SABER

Selection of Amplicon Barcodes from Experimental Replicates or SABER is a NGS analysis pipeline based on and supplemental to the transgenic zebrafish system Genome Editing of Synthetic Target Arrays for Lineage Tracing (GESTALT) to study cellular phylogeny.

Quick Start (TL;DR)

Requirements

To run SABER you will need snakemake and to be running macOS or linux. We recommend you install this via conda. This has been tested on Ubuntu 18 and Ubuntu 16.

source ~/miniconda3/bin/activate
conda install -c bioconda -c conda-forge snakemake

Installing miniconda and then snakemake should take about five minutes. All other dependencies will be installed by snakemake in another conda environment.

Running SABER

Clone or download a release. This should take 30 seconds to a minute.
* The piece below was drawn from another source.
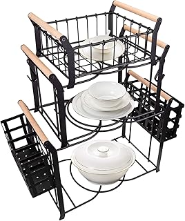 Suwimut 3段ビュッフェキャディ 10個 積み重ね可能 プレート ナプキン 銀食器ホルダー 台所 ダイニングテーブル エンターテイメント パーティー ピクニック ブラック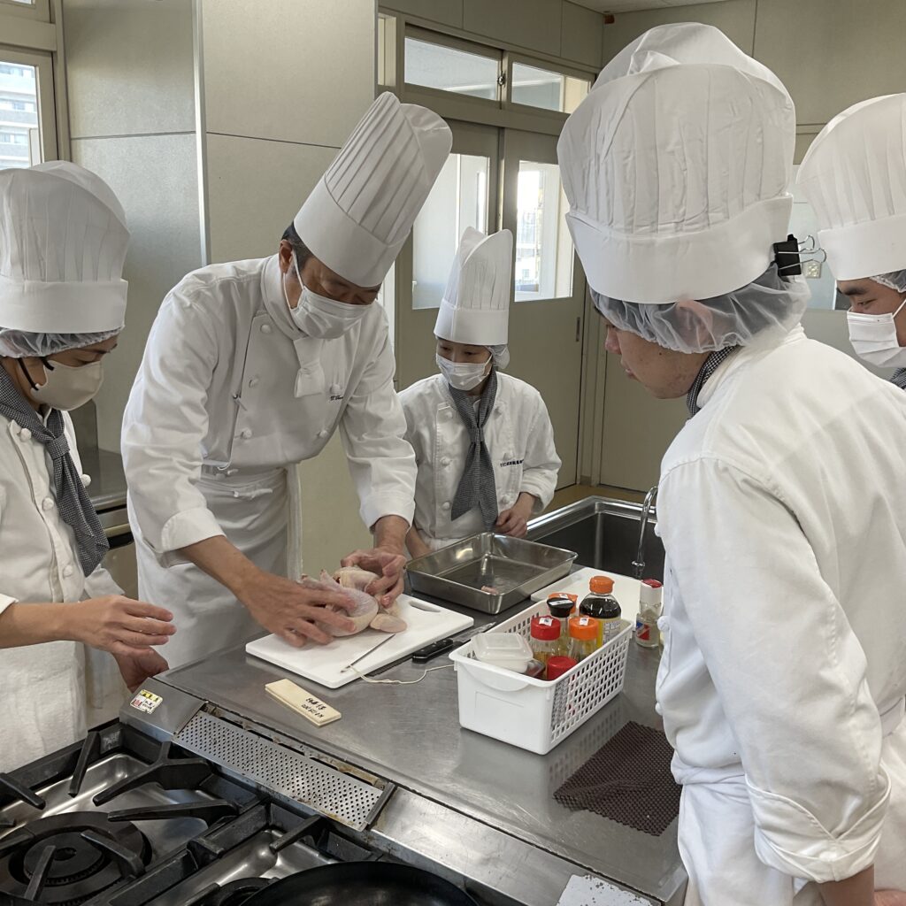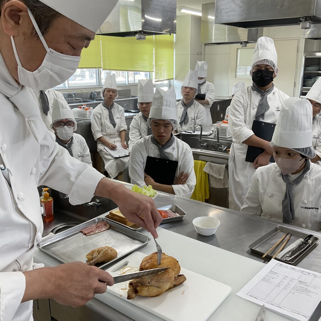 丸鶏を使用し、ふっくらジューシーに仕上がるよう紐で固定をしてオーブンでこんがり焼き上げ、そのお肉でクラブハウスサンドウィッチを作りました🥪学生達はとても楽しそうに実習をしていました😆🎶

git clone https://github.com/blachlylab/SABER.git
cd SABER

Run the demo.

# make sure you're in the SABER dir and can use snakemake
# download demo data and extract
wget https://github.com/blachlylab/SABER/releases/download/v1.0.0/demo_data.tar
mkdir demo
cd demo
tar -xf ../demo_data.tar
cd ..
# run pipeline
snakemake -j 8 --use-conda demo

First snakemake will spend 5-10 minutes downloading the conda environment required to run SABER (this is only done once). It will take another 5-15 minutes to run the demo set through the SABER pipeline and analysis. The SABER analysis scripts will also install some other R packages into the conda environment (this takes about 5 minutes and only needs to be done once).The conda environments are installed under .snakemake/conda/ and you could activate then by using:

conda activate .snakemake/conda/env-hash-here

On an Ubuntu 18 laptop with an 8-threaded intel cpu and 16GB of ram, installation of the conda environment took 7 minutes. Running the SABER pipeline and analysis (with installation of the R packages) took 12 minutes. There will be a demo_output folder which contains all of the intermediate data used to perform the SABER analysis. The SABER folder under this contains the plots which should match the plots found in the folder demo/output in the current repository.

To setup your own data. Copy your fastqs into the fastq directory.

mkdir fastq
cp /path/to/your/fastqs* fastq

Run the pipeline on your data.

snakemake -j 8 --use-conda

Configurable settings

SABER's YAML config file has some configuarable options.

output_prefix: SABER
use_umi: false
#variant_read_cutoff: 20000
#
# Uncomment below to set tvaf
# tvaf: 0.01

Output Prefix: prefixes the output directory

Use UMI: set if you used a UMI equipped PCR library

Variant Read Cutoff: When plotting the large heatmap of all samples all variants with more than 5000 supporting reads will be shown.

tVaf or Theta Vaf: variants accounting for more than 0.3% of reads in more than one sample are identified as common variants and excluded. If not provided, it will be calculated.

Introduction

The transgenic zebrafish system, Genome Editing of Synthetic Target Arrays for Lineage Tracing (GESTALT), has emerged as a powerful tool for studying cellular phylogeny.^1,2 GESTALT zebrafish carry a single germline copy of a synthetic array consisting of 10 tandem CRISPR/Cas9 target sites. By microinjecting guide RNAs (gRNAs) targeting this array with either Cas9 mRNA or recombinant Cas9 protein into the single-cell zebrafish embryo, double strand breaks are induced within the array and then repaired by non-homologous end joining (NHEJ). The combinatorial effect of editing the 10 sites of the array induces thousands of unique genetic barcodes.¹ The genetic barcoding can be used to trace cell phylogeny and in theory could be combined with conditional transgenics, mutants, or other genetic or chemical modifications to understand how these experimental conditions affect clonal diversity of the blood system.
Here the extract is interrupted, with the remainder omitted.